Hey, it’s Lisa Corduff. Welcome to the podcast where you can expect inspiring raw, energising, and transformative conversations with people on the path of personal evolution. I’m here to really live my life. And if you are two, these conversations are just for you. I’m really glad you are here. Enjoy

So on the 13th of September, it will be three years since Nick passed away. If you are new to the podcast, Nick was my partner for 16 years. We separated early in 2019, and in September of that year, he passed away. And if you want to know more about the story of what happened there, you can head to episode 64 and 65 where I share the story so far. Uh, and then all the lessons that I’d learned from, from loving him and losing him. And I just, I was actually last night. Um, I go to this little, um, sort of bar restaurant thing and usually do a bit of writing while my kids are at karate. And, uh, I was sitting there and Michael Jackson came on the radio or, you know, the speakers and Michael Jackson. He, Nick loved Michael Jackson. I mean, obsessed. He loved all music, but had a special spot for MJ.
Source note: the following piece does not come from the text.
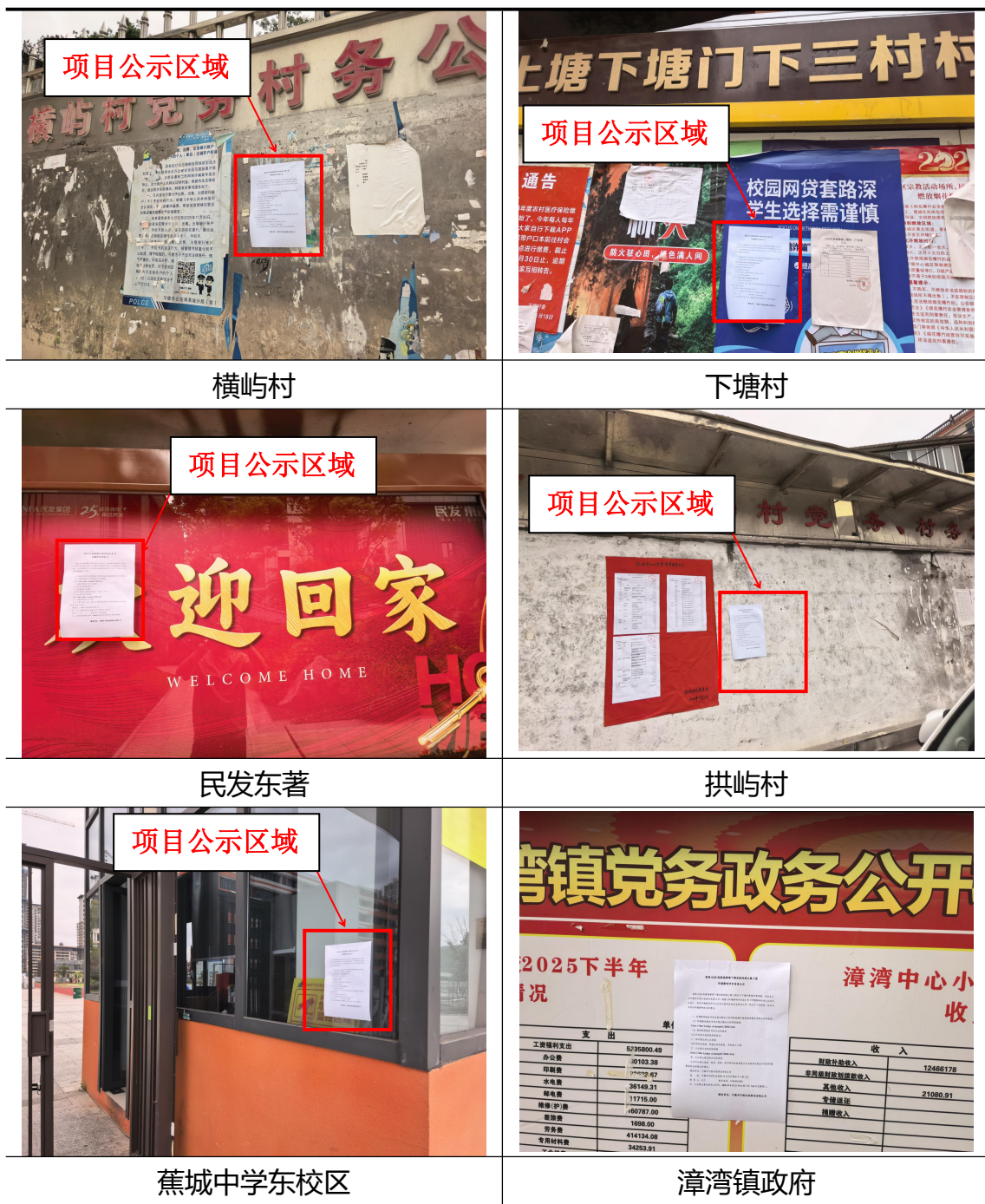
图 5 征求意见稿现场张贴公示

我单位于 2026 年 4 月 21 日~5 月 7 日期间，在项目所在地横屿村、拱屿村、下塘村、蕉城中学东校区、民发东著、漳湾镇政府等的公告栏张贴现场公示。张贴照片如下。

And, um, I was sitting there and it was like he was alive in, in front of me. I could see every single move that his body would be making. And the crease lines on his face as he would’ve been dancing to this song, it was so real. It was like he was right there and I closed my eyes and I just let myself go and have him kind of be alive in those moments. And it’s equal parts, excruciating and delightful. And either way, it’s just, you know, it’s a, it’s a heart based feeling. It’s an expansion of, of it all. And I was just sitting there and just writing in my journal and thinking about it being almost three years, three years, what, what, it’s crazy.

I feel I’ve lived a million lifetimes <laugh> and yet it feels like yesterday in some ways. And I thought I’d share, I guess just where things are at three years on, because when you go through hard times, sometimes it’s impossible to believe or to know, or to trust that it’s all going to be okay. And I remember I, when he died, I just thought what the world, nothing will ever be the same and nothing has been the same. It was a, a fundamental shift. It was a life altering, everything shift and, and everything’s okay. And we are good.
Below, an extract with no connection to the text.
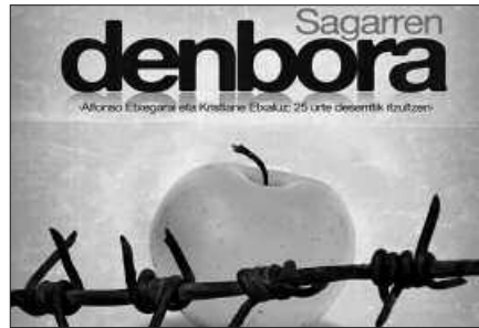
APIRILAREN 15EAN SUTEGIN.
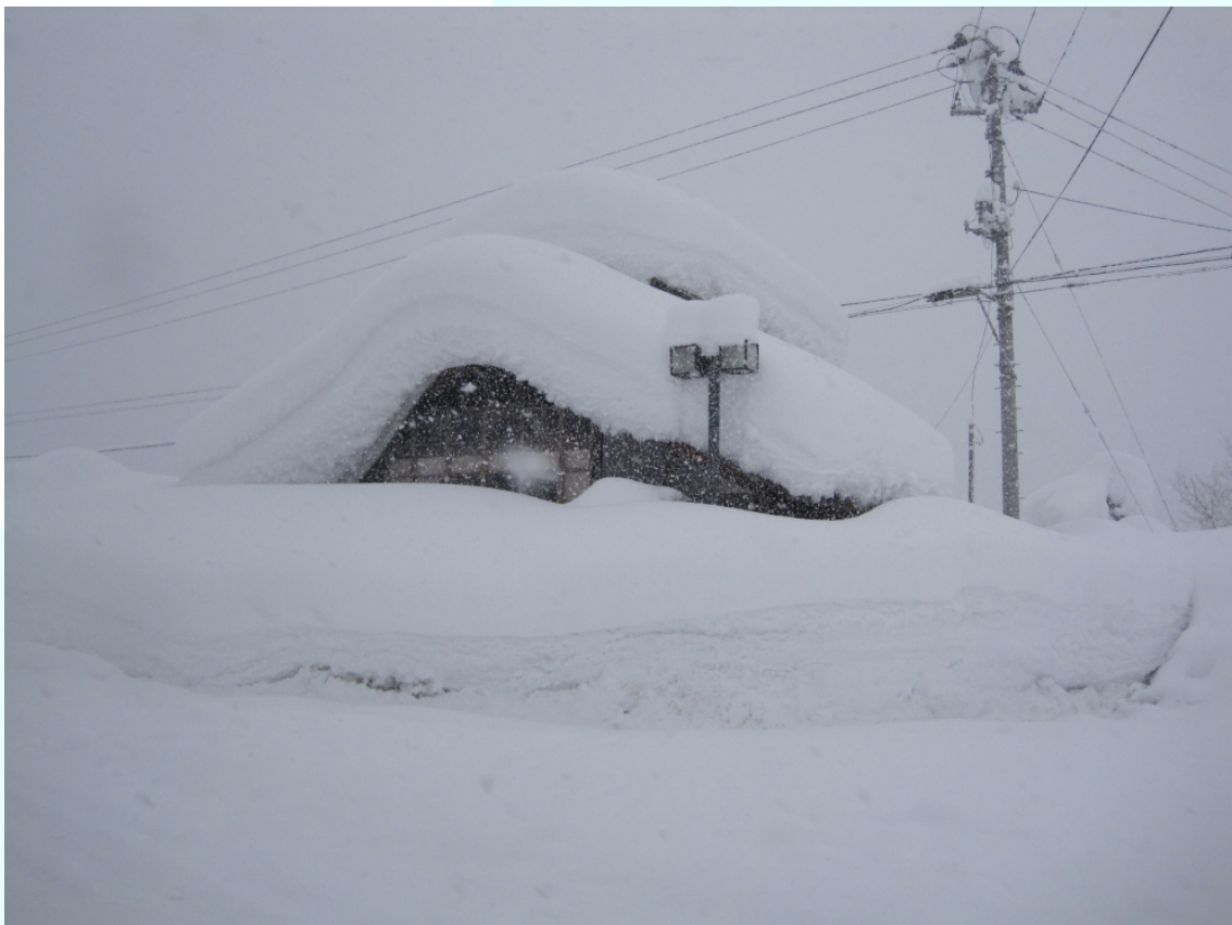
秋田県東成瀬村 積雪により管理不能となった村施設。

And I am grateful for that, but then things sneak up, right? <laugh> not only is the 13th of September, his anniversary. It’s father’s day that first Sunday of September. I also have my birthday in September, my son’s birthday in September and my boyfriend’s son, his birthday’s in September too. It’s a really big month for us. The start is a little bit tricky bit there’s bits to navigate. And I, I go into it, not really knowing, well, the first year was just, we’ve been in, in lockdowns. <laugh> mostly the last few times. Um, so this third one, I don’t know, I don’t know how I’m going to feel. Um, and anyone who has experienced big grief knows that you’ve just got to kind of be open to the waves and to how it’s all going to evolve. I don’t imagine there won’t be a time where, um, the anniversary of his death doesn’t really, really hurt.

You know, it hurts me to think of, of him and the circumstances of his death and so much that he’s actually a mystery around it. Um, and the moment I was told, I mean, it was, it was as shocking and awful as you can imagine. And, um, and that’s still, that’s still really right there. And father’s day I watch my kids just kind of, we are just trying to figure out where to direct that energy this morning, they were asking me at breakfast, do we get presents at the father’s day store? Cause that sort of stuff they’ve been able to miss because of all of the lockdowns and not being at school, um, in Melbourne and, and they’re not too sure what to do. And I said, well, you can certainly buy me a gift. And then we talk about the other amazing men that they have in their life.

And I, you know, there’s just not a, um, I mean, it’s a whole sort of thing when you actually lose a parent, when a parent dies, the role that a partner of mine would have for them is very different as opposed to someone who has both their parents who repartner. And the role of that person is probably kind of clear. It’s been a really big thing for me to navigate. And it changes all the time, how we kind of explore this next phase of, of life and the role that a partner of mine might have for my children, but they are adamant they don’t want, there’s no one that will ever replace their dad. And that is right. That is true. Uh, but they have amazing uncles. My amazing dad, my amazing boyfriend, they have their karate sensei. My son has his awesome, couldn’t ask for better soccer coach, who he just adores.

There’s a lot of strong, awesome male role models in their life and people who bring them different parts of themselves to this, to, to them to kind of, you know, never feel and replace the void, but just give them something, um, of themselves to enrich their lives. And I am grateful for all of it. I am so grateful for all of it, but they certainly, we certainly haven’t had conversations about step parents and stuff like that. It’s just, I mean, I haven’t even been available for that kind of thing. It’s not, it’s certainly not where we’re at. Um, and I’m sort of okay with that taking time, not rushing, I just feel absolutely no rush and no stress over needing to label things, um, for myself and especially for my children, I am paying attention to where they’re at all the time, what they’re open to, what they’re feeling ready for.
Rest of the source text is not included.